Oracle Spatial and Graph – technical tips, best practices, and news from the product team

  • December 8, 2020

Using graphs to understand relationships with Oracle Database 21c

James Steiner
Vice President

With all the information that resides in our databases and operational systems, you would think that it would be easy to answer questions about who our most important customers and suppliers are, where are the critical points in a supply chain, which business or financial transactions may be suspicious, and what patterns are visible in sales data.  But these kinds of questions, and others like them that are based on how data elements are connected to others, can be difficult to express and analyze using traditional methods.

Graphs let you model, explore and perform analysis on your data based on how it is related to other information.  Whether it is a hierarchy structure in a human capital management schema, more complex relationships across sales data, consumer data, and demographic data, near-real-time analysis of online payment patterns, or linked data in public sector institutions for citizens’ use, it is more natural to model these connections and relationships as a graph.


Oracle Database 21c makes it simpler to install, configure and deploy graph features with the Graph Server and Client Kit.  This simplified packaging makes it easier to deploy and develop Property Graph applications and includes a native SPARQL endpoint to query RDF graphs.
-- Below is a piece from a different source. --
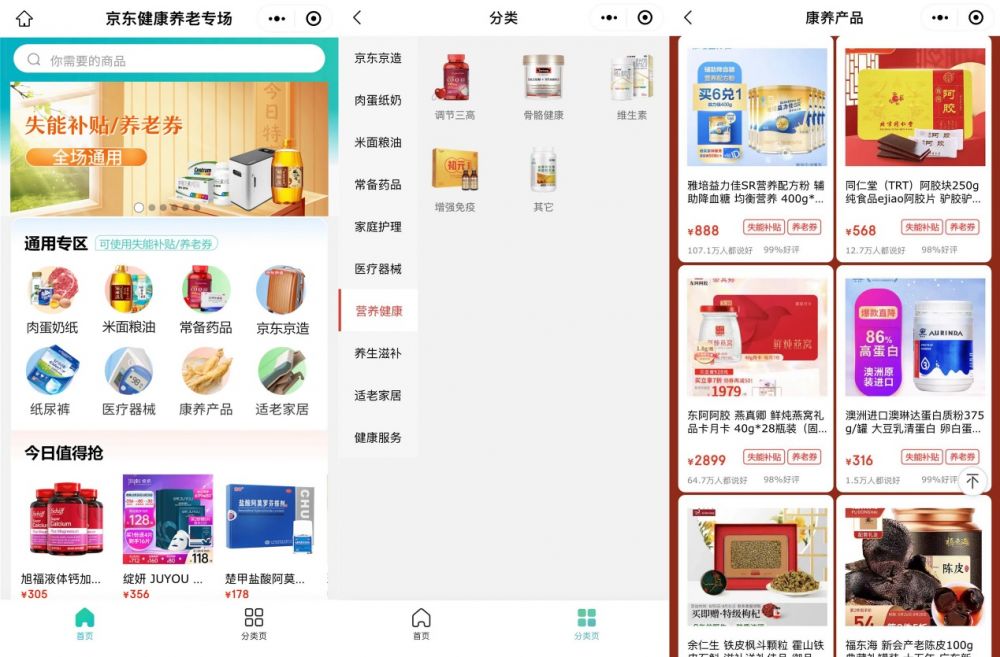 比如,依托京东健康的O2O服务模式,可以有效解决老年人购买营养保健品不便的问题。面向失能、残疾等老年群体,京东健康通过与地方政府合作,打造专属专项的服务体系,满足老年人群的健康需求:从2021年开始,在与北京市政府合作的“北京通养老助残卡”项目中,京东健康便开辟了京东健康北京通养老助残卡专区,满足失能及高龄老人居家养老的健康需求,成为切实推动“互联网+营养保健”的有效实践。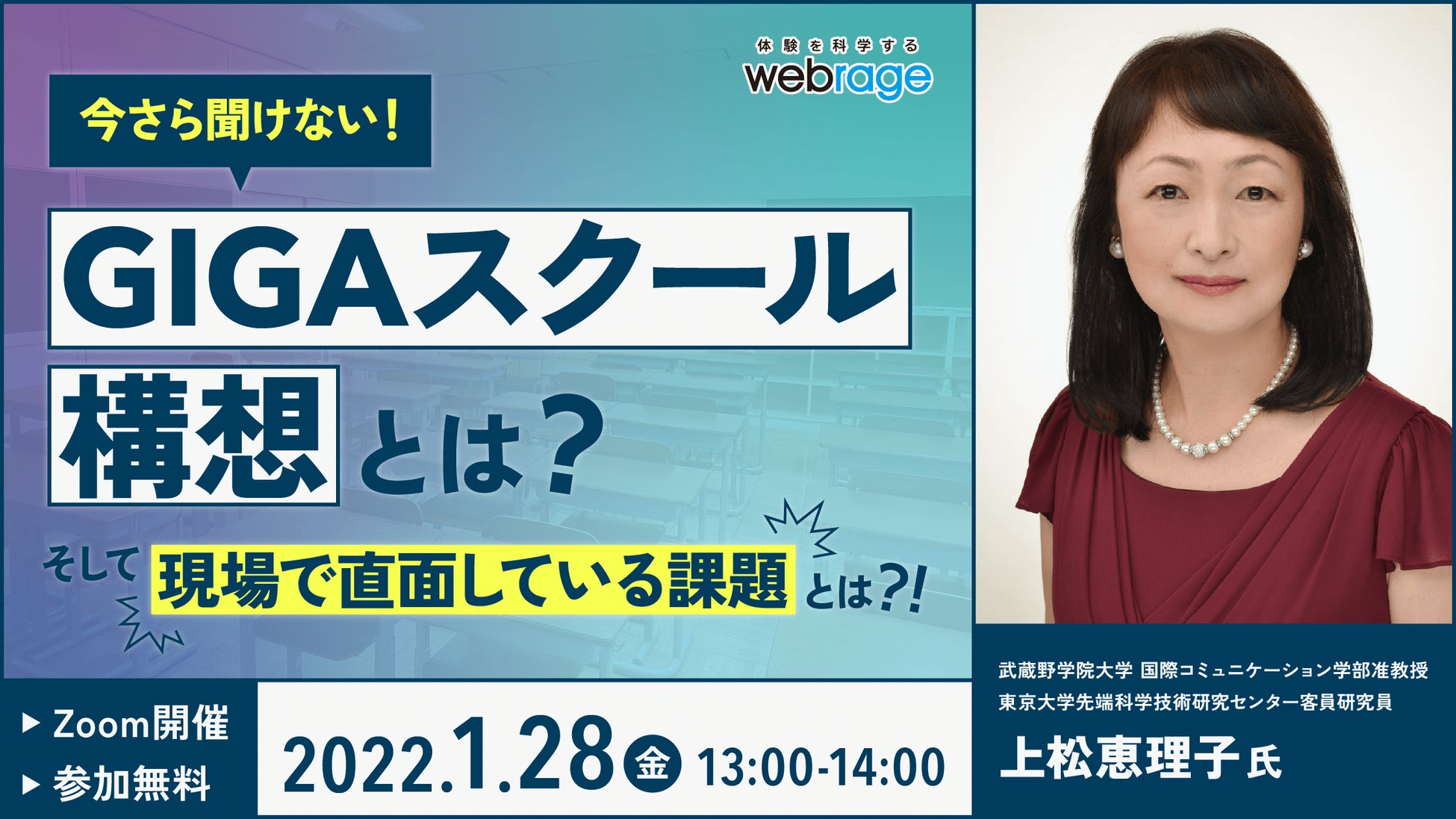 当ウェビナーではICT教育研究家の上松恵理子 博士(教育学)をお招きし、GIGAスクール構想とは何か、そして学校現場でいま直面している課題と、成功事例等についてお話いただきます。ICT教育に関わりのある方はもちろん、GIGAスクール構想についてよくわからない、という方にも学んでいただける内容です。

How to use Graphs in Oracle Database

Model data as a Graph

The first step in performing graph analysis is to model the data as a graph.  Data from tables can be modeled as a graph and stored in the property graph schema, and loaded into the in memory graph server (PGX) to run the high speed analytics algorithms.   Alternatively, data can be instantiated as a graph in PGX in memory directly from standard tables.    If the data is in files in a known graph format (GraphML, GraphSON, GML or the Oracle Flat File Format) it can directly be loaded into the property graph schema. Once data is represented as a graph, in the property graph schema or in PGX, you can query, run analyses and visualize the results.  For RDF graphs, a graph can be loaded from a variety of native RDF formats or created from relational tables using a W3C graph mapping standard.

Querying and visualizing graph data

Oracle Database has a graph query language, PGQL, that simplifies the expression of traversal queries commonly used to retrieve data from graphs.  These might be queries to answer questions like “What path did the funds in this account take before they were deposited?” or “How close are the personal relationships of our purchasing managers to our suppliers?”. 

PGQL is a SQL-like query language for property graph data structures.  The language is based on the concept of graph pattern matching, which allows you to specify patterns that are matched against vertices and edges in a data graph.  

Oracle Database 21c supports graph visualization tools that let you interactively explore the graph, customize layouts, and highlight interesting relationships in your data.   Seeing graph data and relationships visually lets analysts, data scientists, and developers quickly understand and explore clusters, outliers, anomalies, patterns, communities, and critical connections in their data. 

You can query the RDF Graph in Oracle Database using the W3C standard query language SPARQL or through a SPARQL endpoint, SPARQL-in-SQL, or a Java API.

Graph Algorithms to Perform Analysis

One of the benefits of graphs is that they give you the ability to apply algorithms to analyze the relationships in the data.  These go beyond pattern matching and traversal and allow you to assess things like the strength of relationships, the importance of data elements, and whether something is in a critical path or influences other people or processes.  

Oracle Database property graph includes nearly 60 out of the box graph analytic algorithms to let you do things like find communities and influences, discover anomalies and fraud, recommend products, discover complex patterns and analyze paths.  

These prebuilt, parallel algorithms enable you to perform churn risk analysis, targeted marketing, and HR turnover analysis, spam and fraud detection, product recommendation, and path analysis and reachability.

In Oracle Database 21c, you can create or extend graph algorithms using Java syntax, in addition to the dozens of pre-built graph analytics that come with the product.  These user-defined algorithms will execute as fast as native algorithms in the product because they are compiled with the same optimizations.  For unique and specialized use cases, customizing graph algorithms lets you add analysis that analysts and data scientists design specifically for your applications.   

Faster Performance with Optimized In-Memory graph models

Oracle Database 21c includes an optimized representation of a property graph that uses less memory when using the in-memory graph server (PGX).  PGX can execute complex graph queries in milliseconds on graphs containing billions of nodes and edges.  The optimized graph representation gives you faster performance and is transparent; existing applications will run faster with no change.

Client Tools

The rich set of features for graph database and analytics can be accessed through a Java or Python API executed in popular notebooks or in business applications, and by running PGQL queries in the graph visualization tool or the SQLCl client.   RDF graph developers can use the widely popular SQL Developer tool, or an Oracle JET based query UI.

Graph in Oracle Database 21c

Oracle wants every developer, every data scientist and anyone who uses Oracle Database to be able to use graph analytics, graph models, and graph querying of their data.  To enable this, Oracle is including all of the database graph capabilities, as well as the spatial and machine learning features, in Oracle Database at no additional cost.